#### Work instructions:
Starting at the line below with "وأشارت أخبار اليوم" and stopping at the line with "Monogram pink glitter", please print each line exactly, those two included, and skip every picture.

Start of Information

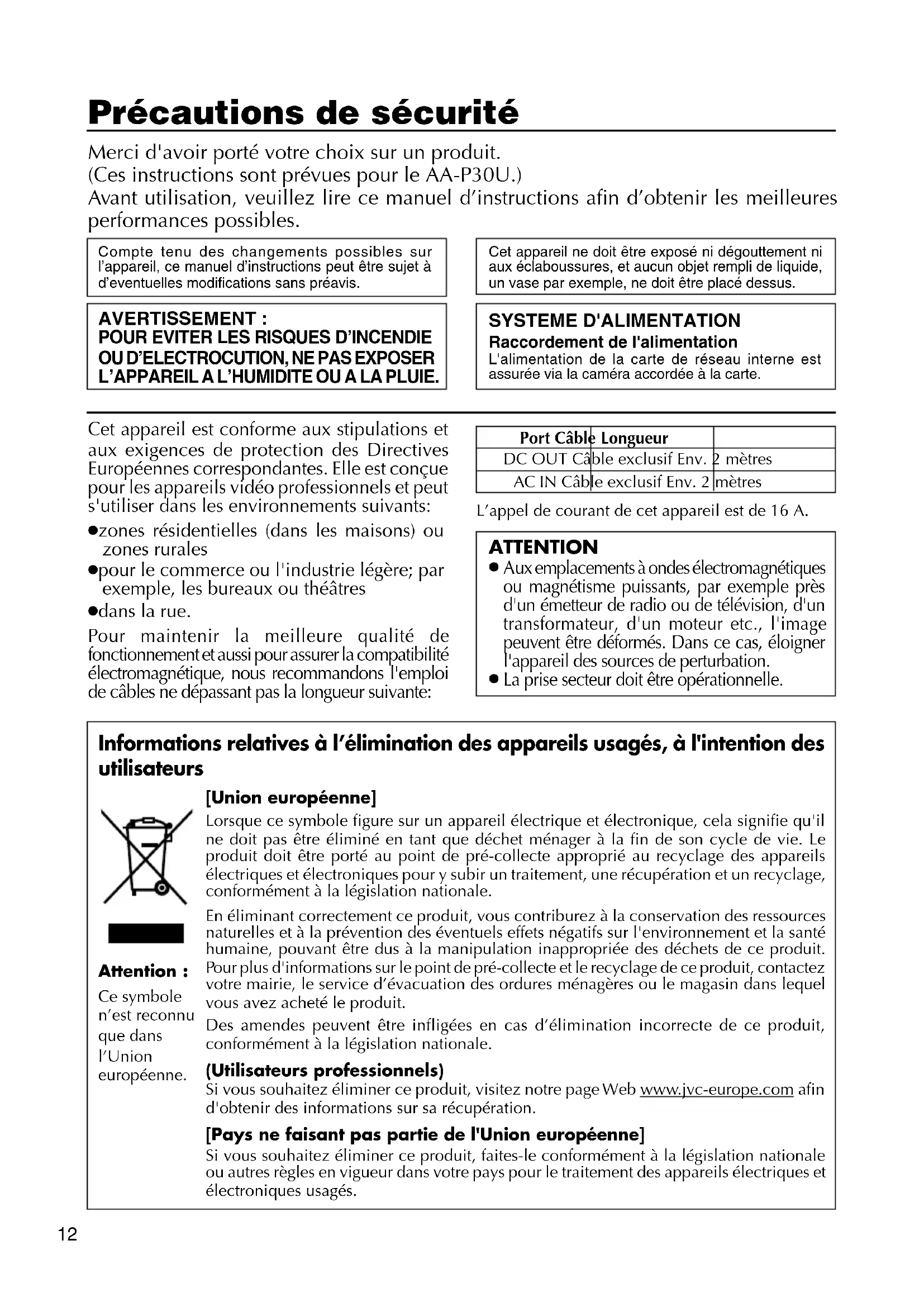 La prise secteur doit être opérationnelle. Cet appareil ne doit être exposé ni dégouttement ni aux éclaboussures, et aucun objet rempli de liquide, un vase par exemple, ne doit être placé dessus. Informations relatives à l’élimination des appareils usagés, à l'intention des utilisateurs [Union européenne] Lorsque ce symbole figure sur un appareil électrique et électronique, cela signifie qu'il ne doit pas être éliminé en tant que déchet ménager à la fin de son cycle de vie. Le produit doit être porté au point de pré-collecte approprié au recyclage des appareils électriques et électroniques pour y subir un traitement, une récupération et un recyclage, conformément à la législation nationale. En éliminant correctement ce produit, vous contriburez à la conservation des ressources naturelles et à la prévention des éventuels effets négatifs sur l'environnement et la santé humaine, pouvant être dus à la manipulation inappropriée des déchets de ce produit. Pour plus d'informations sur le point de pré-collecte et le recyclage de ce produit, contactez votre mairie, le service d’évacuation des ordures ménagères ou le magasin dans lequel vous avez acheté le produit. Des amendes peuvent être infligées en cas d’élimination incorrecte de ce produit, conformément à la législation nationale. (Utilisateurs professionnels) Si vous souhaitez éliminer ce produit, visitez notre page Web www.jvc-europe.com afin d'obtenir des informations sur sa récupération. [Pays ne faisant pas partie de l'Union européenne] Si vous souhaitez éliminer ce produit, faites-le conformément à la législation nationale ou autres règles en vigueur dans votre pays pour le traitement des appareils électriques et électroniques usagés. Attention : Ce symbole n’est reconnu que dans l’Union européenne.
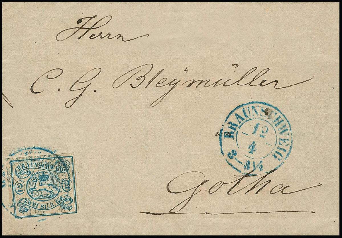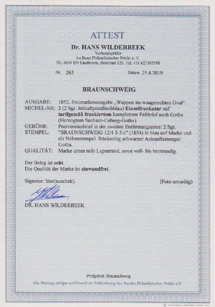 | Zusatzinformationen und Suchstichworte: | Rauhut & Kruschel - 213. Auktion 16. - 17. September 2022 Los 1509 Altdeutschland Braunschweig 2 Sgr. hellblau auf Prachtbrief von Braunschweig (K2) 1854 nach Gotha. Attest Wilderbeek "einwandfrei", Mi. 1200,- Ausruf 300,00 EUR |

End of Information
Start of Information

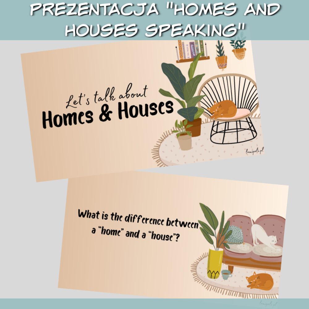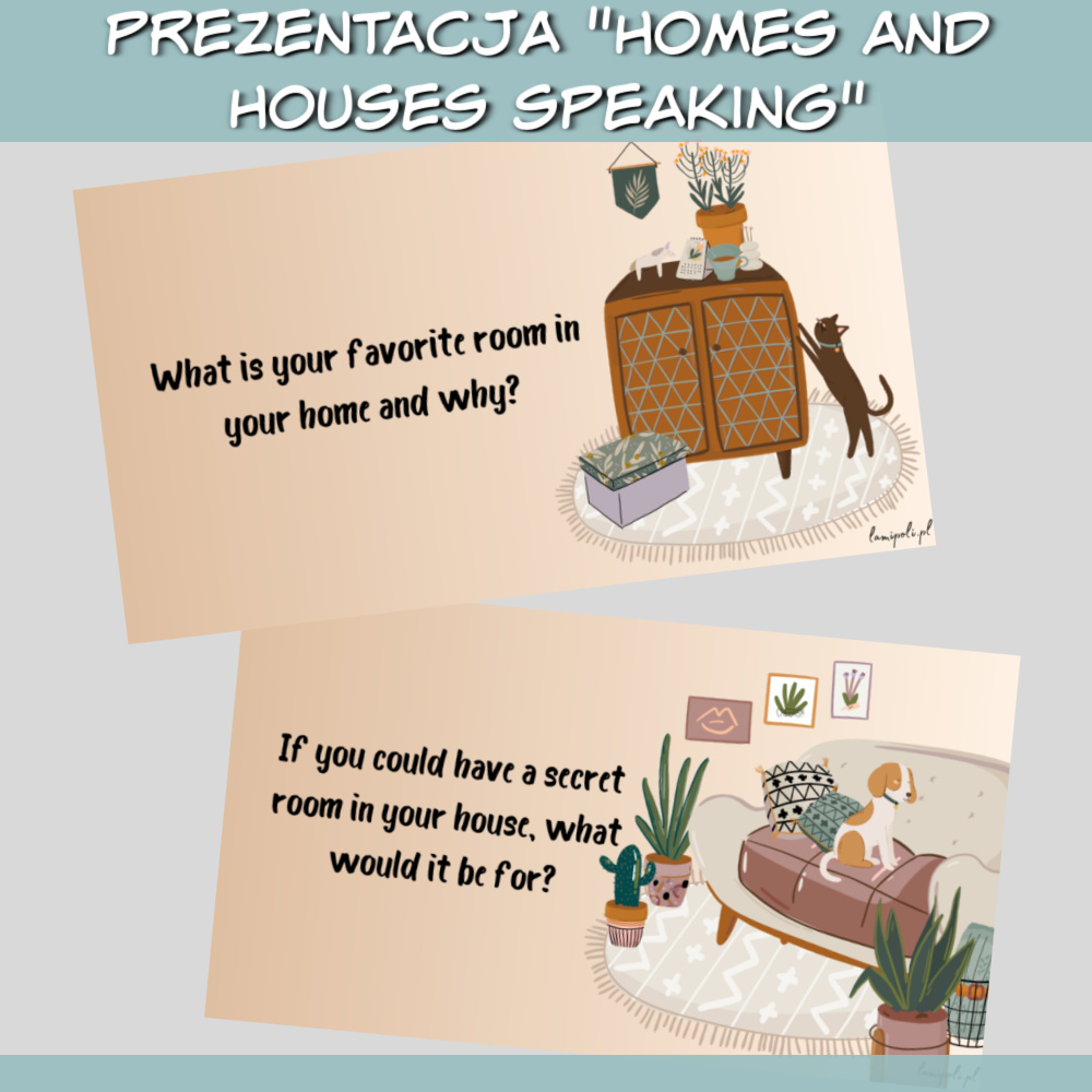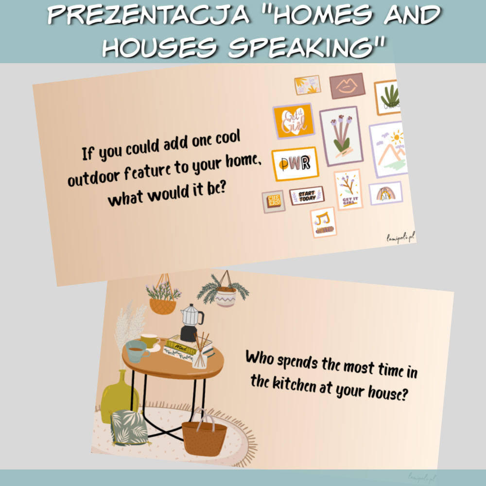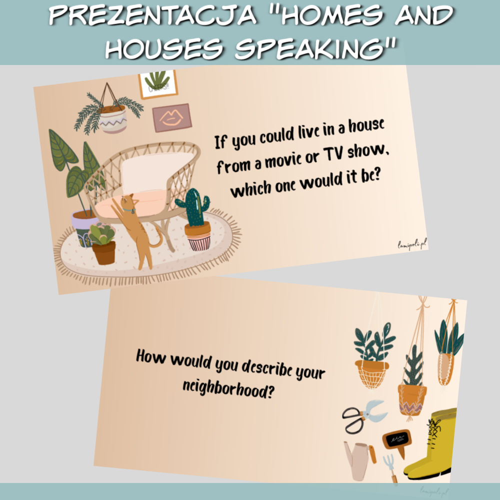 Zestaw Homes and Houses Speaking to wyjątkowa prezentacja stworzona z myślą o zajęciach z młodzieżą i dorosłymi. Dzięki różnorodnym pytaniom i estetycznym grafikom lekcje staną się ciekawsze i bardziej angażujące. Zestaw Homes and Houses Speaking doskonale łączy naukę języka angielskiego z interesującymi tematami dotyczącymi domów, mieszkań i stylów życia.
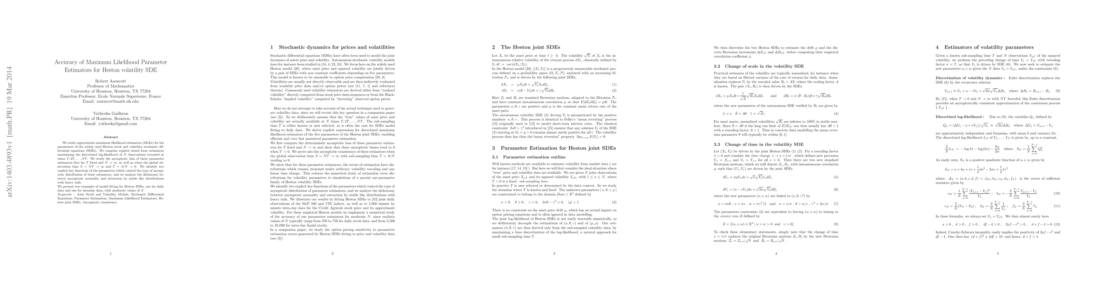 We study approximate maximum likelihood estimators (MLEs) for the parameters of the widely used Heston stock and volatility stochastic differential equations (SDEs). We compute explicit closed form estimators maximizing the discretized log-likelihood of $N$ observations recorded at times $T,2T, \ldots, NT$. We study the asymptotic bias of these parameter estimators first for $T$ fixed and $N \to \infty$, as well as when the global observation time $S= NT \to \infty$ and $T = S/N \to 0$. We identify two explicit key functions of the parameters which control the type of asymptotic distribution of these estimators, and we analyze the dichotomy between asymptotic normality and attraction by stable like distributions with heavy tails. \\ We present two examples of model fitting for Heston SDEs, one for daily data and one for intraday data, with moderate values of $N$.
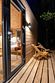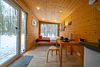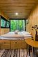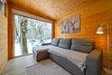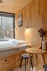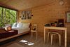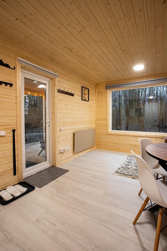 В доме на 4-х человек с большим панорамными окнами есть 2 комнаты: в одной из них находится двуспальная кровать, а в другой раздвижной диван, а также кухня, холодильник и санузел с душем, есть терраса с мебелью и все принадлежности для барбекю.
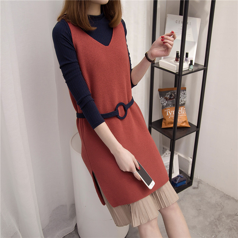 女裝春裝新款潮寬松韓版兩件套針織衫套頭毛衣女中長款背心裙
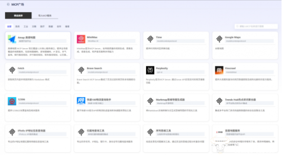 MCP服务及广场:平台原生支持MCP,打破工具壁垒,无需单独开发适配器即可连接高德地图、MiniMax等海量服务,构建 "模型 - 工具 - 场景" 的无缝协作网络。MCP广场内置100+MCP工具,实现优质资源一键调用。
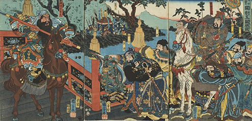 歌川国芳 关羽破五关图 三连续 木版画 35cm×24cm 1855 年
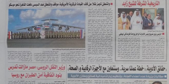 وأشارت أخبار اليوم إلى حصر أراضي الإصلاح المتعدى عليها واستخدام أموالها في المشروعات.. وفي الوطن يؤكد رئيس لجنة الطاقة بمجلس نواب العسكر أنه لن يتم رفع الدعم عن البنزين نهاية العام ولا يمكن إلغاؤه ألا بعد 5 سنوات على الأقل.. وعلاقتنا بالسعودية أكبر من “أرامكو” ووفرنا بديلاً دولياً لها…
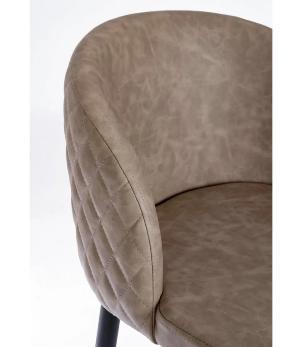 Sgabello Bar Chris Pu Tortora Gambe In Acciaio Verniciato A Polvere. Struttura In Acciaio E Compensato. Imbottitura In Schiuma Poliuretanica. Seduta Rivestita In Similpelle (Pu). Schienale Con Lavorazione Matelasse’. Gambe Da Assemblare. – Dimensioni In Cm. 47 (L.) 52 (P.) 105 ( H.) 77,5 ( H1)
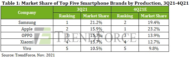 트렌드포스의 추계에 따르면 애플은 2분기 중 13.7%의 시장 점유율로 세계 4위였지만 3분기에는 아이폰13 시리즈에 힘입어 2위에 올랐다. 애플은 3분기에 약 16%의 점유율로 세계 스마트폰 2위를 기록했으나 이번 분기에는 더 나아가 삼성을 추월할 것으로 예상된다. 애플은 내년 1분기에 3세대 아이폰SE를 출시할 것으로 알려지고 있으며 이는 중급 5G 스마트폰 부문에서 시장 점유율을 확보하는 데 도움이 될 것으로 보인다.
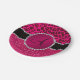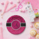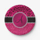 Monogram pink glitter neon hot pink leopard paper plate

End of Information

#### Exercise answer:
 وأشارت أخبار اليوم إلى حصر أراضي الإصلاح المتعدى عليها واستخدام أموالها في المشروعات.. وفي الوطن يؤكد رئيس لجنة الطاقة بمجلس نواب العسكر أنه لن يتم رفع الدعم عن البنزين نهاية العام ولا يمكن إلغاؤه ألا بعد 5 سنوات على الأقل.. وعلاقتنا بالسعودية أكبر من “أرامكو” ووفرنا بديلاً دولياً لها…
 Sgabello Bar Chris Pu Tortora Gambe In Acciaio Verniciato A Polvere. Struttura In Acciaio E Compensato. Imbottitura In Schiuma Poliuretanica. Seduta Rivestita In Similpelle (Pu). Schienale Con Lavorazione Matelasse’. Gambe Da Assemblare. – Dimensioni In Cm. 47 (L.) 52 (P.) 105 ( H.) 77,5 ( H1)
 트렌드포스의 추계에 따르면 애플은 2분기 중 13.7%의 시장 점유율로 세계 4위였지만 3분기에는 아이폰13 시리즈에 힘입어 2위에 올랐다. 애플은 3분기에 약 16%의 점유율로 세계 스마트폰 2위를 기록했으나 이번 분기에는 더 나아가 삼성을 추월할 것으로 예상된다. 애플은 내년 1분기에 3세대 아이폰SE를 출시할 것으로 알려지고 있으며 이는 중급 5G 스마트폰 부문에서 시장 점유율을 확보하는 데 도움이 될 것으로 보인다.
 Monogram pink glitter neon hot pink leopard paper plate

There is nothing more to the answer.